SOURCE INFORMATION.
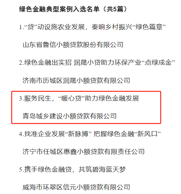 近期,山东省小额贷款企业协会发布《做好“五篇金融文章”助力地方发展案例榜单》,青岛城投城金集团旗下城乡小贷公司暖心贷、产融e贷两项业务分别入选绿色金融典型案例、数字金融典型案例。
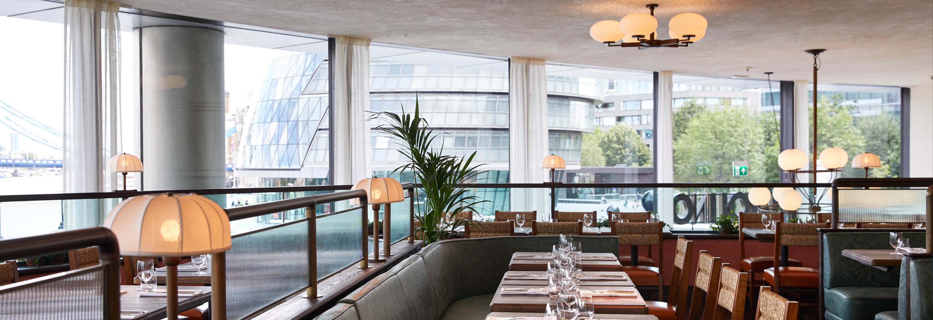 Elsewhere, bespoke banquette seating upholstered in an aged green leather wrap around the perimeter of the ground and mezzanine spaces complimented by booth seating and rope-backed dining chairs in tan leather. Our bidirectional antique wall lights bring even more personality to these spaces by offering a very personal lighting source. The lamp holders are contained within beautifully hand-finished reeded globes to finish these powerfully designed feature lights perfectly.
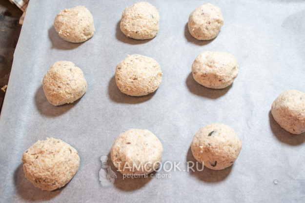 Слегка влажными руками сформируйте небольшие шарики и переложите их на противень, выстеленный пергаментом. Выпекайте в заранее разогретой до 180 градусов духовке 35-40 минут. Готовность проверьте деревянной шпажкой, она должна выйти из середины булочек абсолютно сухой.
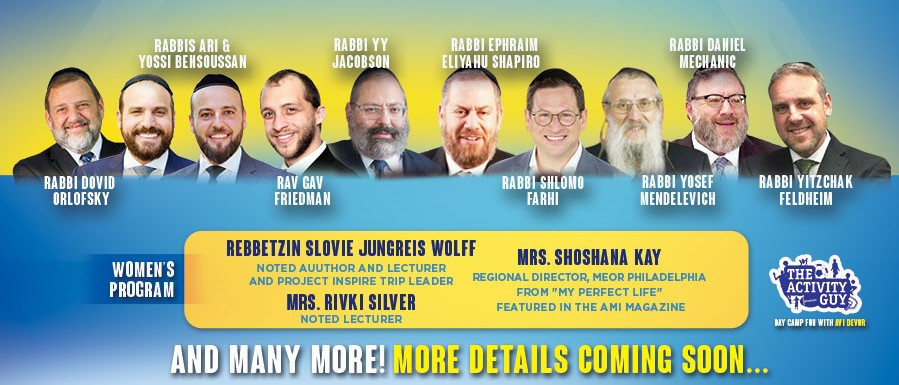 Join the incredibly inspiring weekend, and hear from notable speakers such as Rabbi Dovid Orlofsky, Rabbis Ari and Yossi Bensoussan, Rav Gav Friedman, Rabbi YY Jacobson, Rabbi Ephraim Eliyahu Shapiro, Rabbi Shlomo Farhi, Rabbi Yosef Mendelevich, Rabbi Daniel Mechanic, and Rabbi Yitzchak Feldheim.
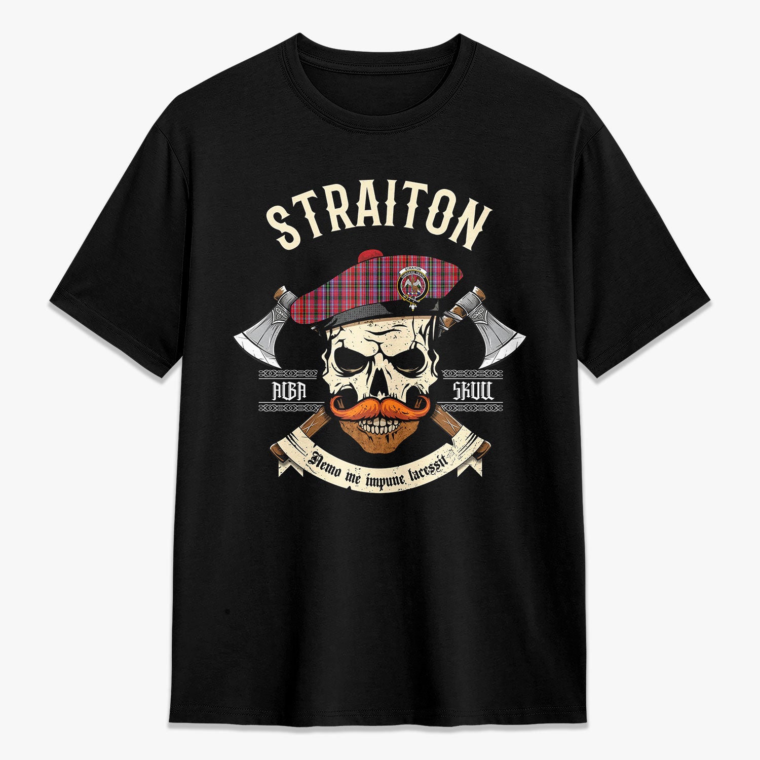 Straiton Tartan Crest 2D T-shirt - Alba Skull Style,
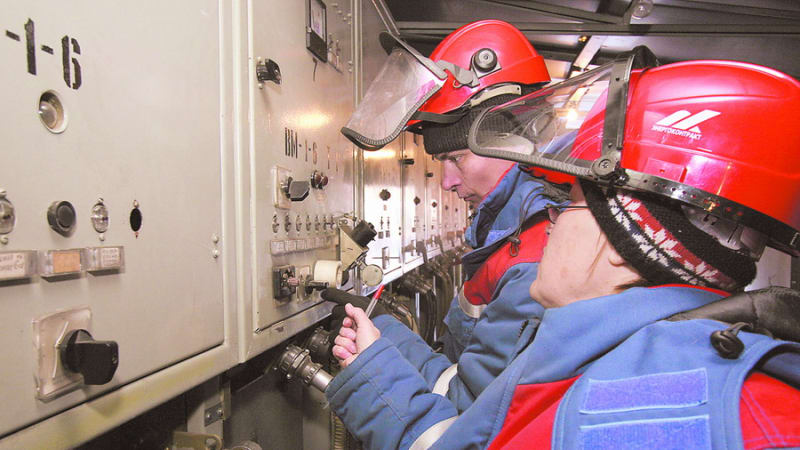 «Мы работаем по бланкам переключений, – рассказала старший электромонтёр оперативной бригады по подстанциям Мария Никитина, войдя в КРУН – комплектное распределительное устройство, где расположены специальные ячейки и выключатели. – О каждом своём действии обязательно докладываем диспетчеру. А каждый наш шаг зафиксирован в специальном журнале». Все работы ведутся в соответствии с требованиями техники безопасности: электромонтёр-водитель и старший электромонтёр оперативной бригады одеты в специальные огнестойкие костюмы, на головах каски с козырьком, защищающим от электрической дуги, на руках – специальные перчатки.
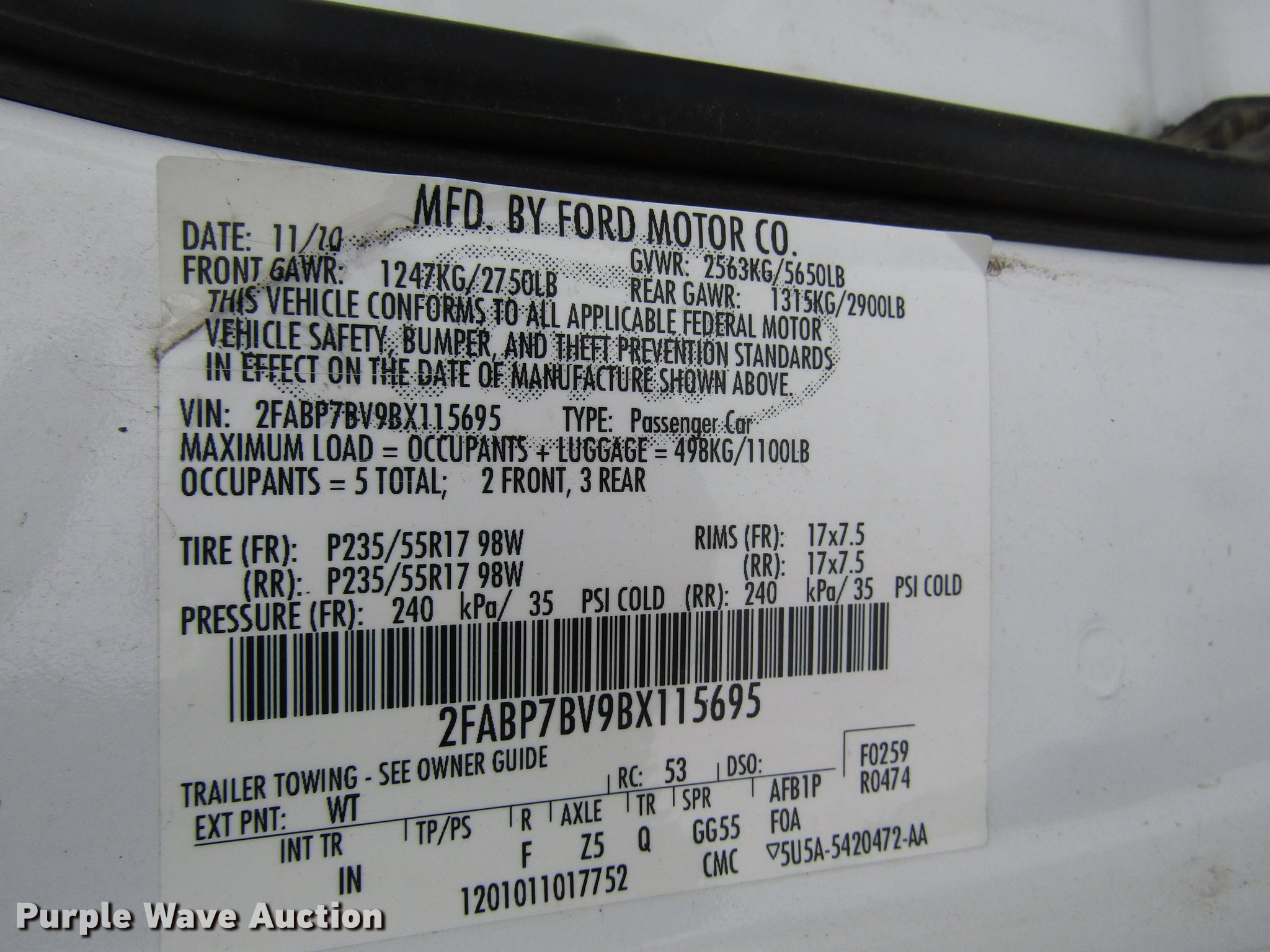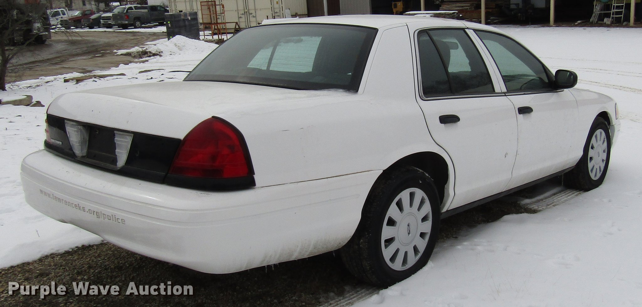 2011 Ford Crown Victoria Police Interceptor. 81,276 miles on odometer, 4.6L V8 SOHC 16V FFV gas engine, Automatic transmission, AC and heat, Tilt, Cruise, AM/FM, Power windows, locks, mirrors, and seat, Cloth front interior, Vinyl rear interior, Adjustable foot pedals, P235/55R17 tires, Unit# 125. Kansas title. Seller is a government entity who will be assigning and distributing the title. Please contact the seller for distribution questions. 2FABP7BV9BX115695. City of Lawrence. 1141 Haskell Ave. Lawrence, KS 66044

EXERCISE AIM. The reply should consist only of the lines from the top of the material above through the line with "Слегка влажными руками", printed exactly, pictures omitted.

RESPONSE.
 近期,山东省小额贷款企业协会发布《做好“五篇金融文章”助力地方发展案例榜单》,青岛城投城金集团旗下城乡小贷公司暖心贷、产融e贷两项业务分别入选绿色金融典型案例、数字金融典型案例。
 Elsewhere, bespoke banquette seating upholstered in an aged green leather wrap around the perimeter of the ground and mezzanine spaces complimented by booth seating and rope-backed dining chairs in tan leather. Our bidirectional antique wall lights bring even more personality to these spaces by offering a very personal lighting source. The lamp holders are contained within beautifully hand-finished reeded globes to finish these powerfully designed feature lights perfectly.
 Слегка влажными руками сформируйте небольшие шарики и переложите их на противень, выстеленный пергаментом. Выпекайте в заранее разогретой до 180 градусов духовке 35-40 минут. Готовность проверьте деревянной шпажкой, она должна выйти из середины булочек абсолютно сухой.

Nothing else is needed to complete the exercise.